_What the task asks_
Having located the line with "Paper Napkins (Pack", print it and each remaining line exactly, stopping at the end of the material and omitting pictures.
(Input data)
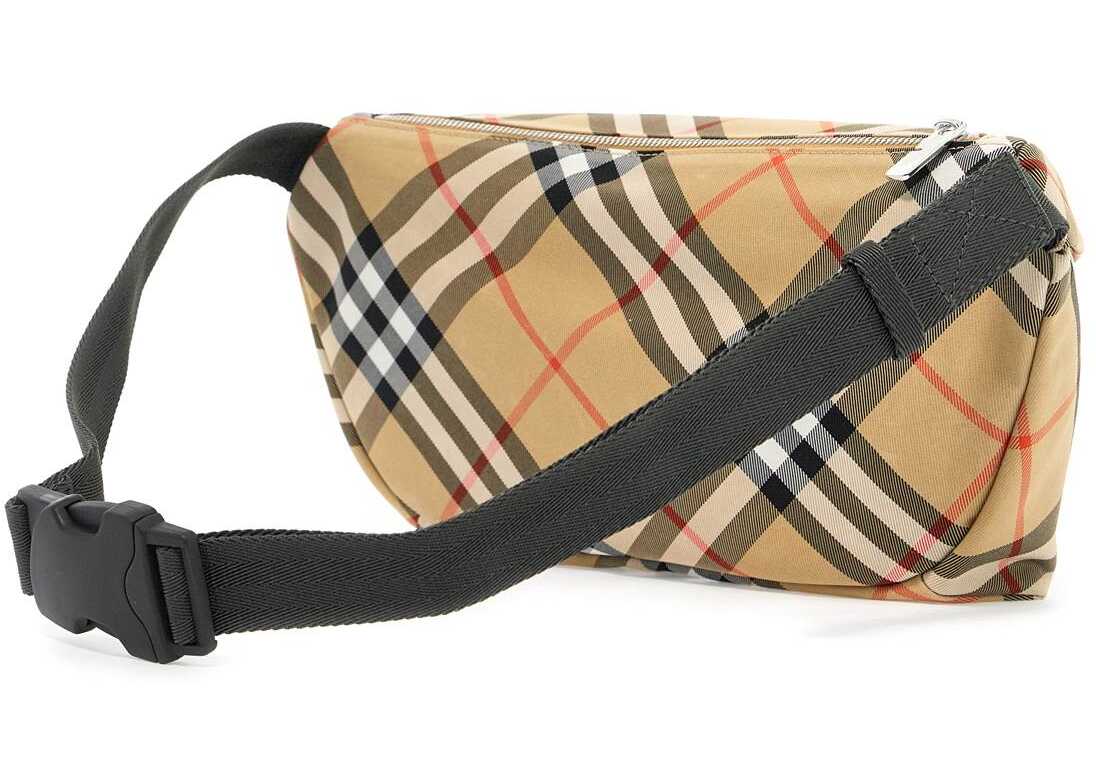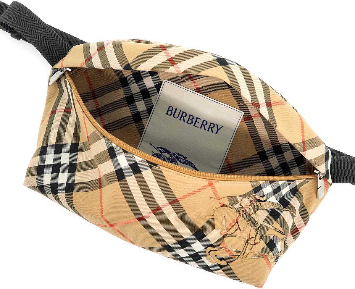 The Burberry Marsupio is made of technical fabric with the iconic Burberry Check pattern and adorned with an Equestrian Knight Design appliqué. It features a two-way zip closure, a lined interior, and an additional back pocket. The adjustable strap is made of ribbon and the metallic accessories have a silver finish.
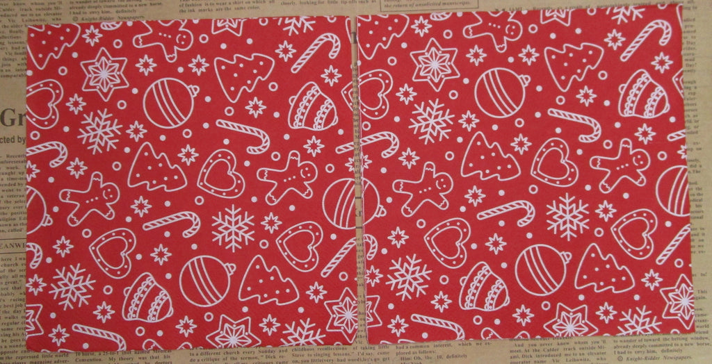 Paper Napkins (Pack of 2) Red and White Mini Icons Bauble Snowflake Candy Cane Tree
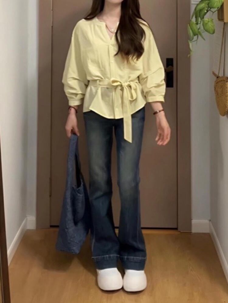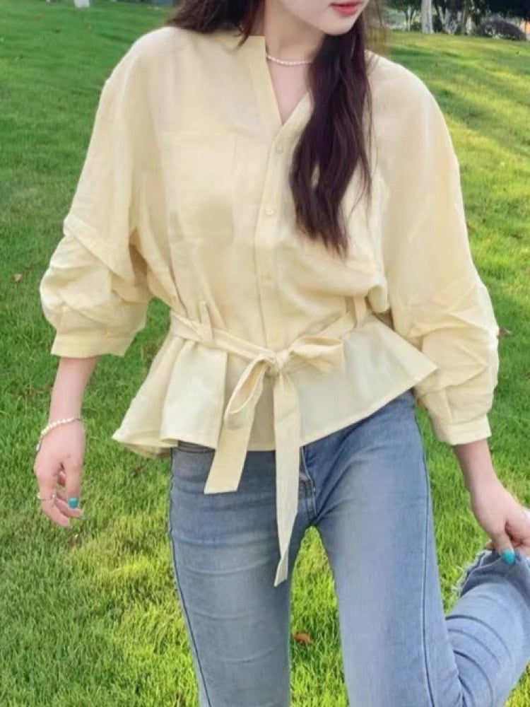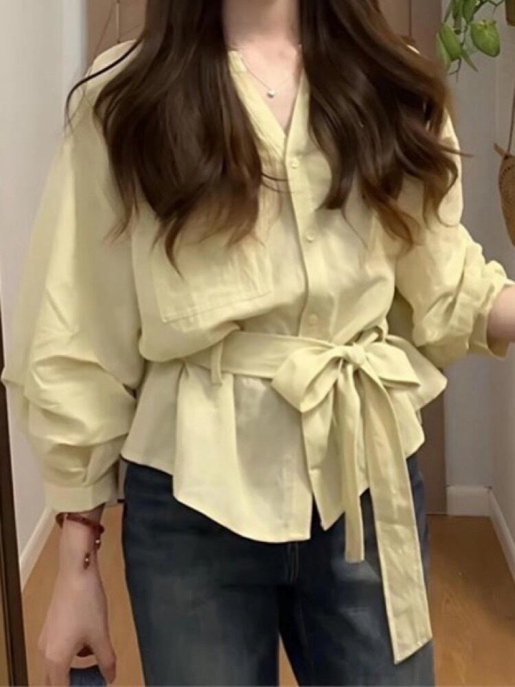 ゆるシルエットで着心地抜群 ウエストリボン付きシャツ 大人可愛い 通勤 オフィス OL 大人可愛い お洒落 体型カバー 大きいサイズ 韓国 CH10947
(End Input data)
_Written answer_
 Paper Napkins (Pack of 2) Red and White Mini Icons Bauble Snowflake Candy Cane Tree
 ゆるシルエットで着心地抜群 ウエストリボン付きシャツ 大人可愛い 通勤 オフィス OL 大人可愛い お洒落 体型カバー 大きいサイズ 韓国 CH10947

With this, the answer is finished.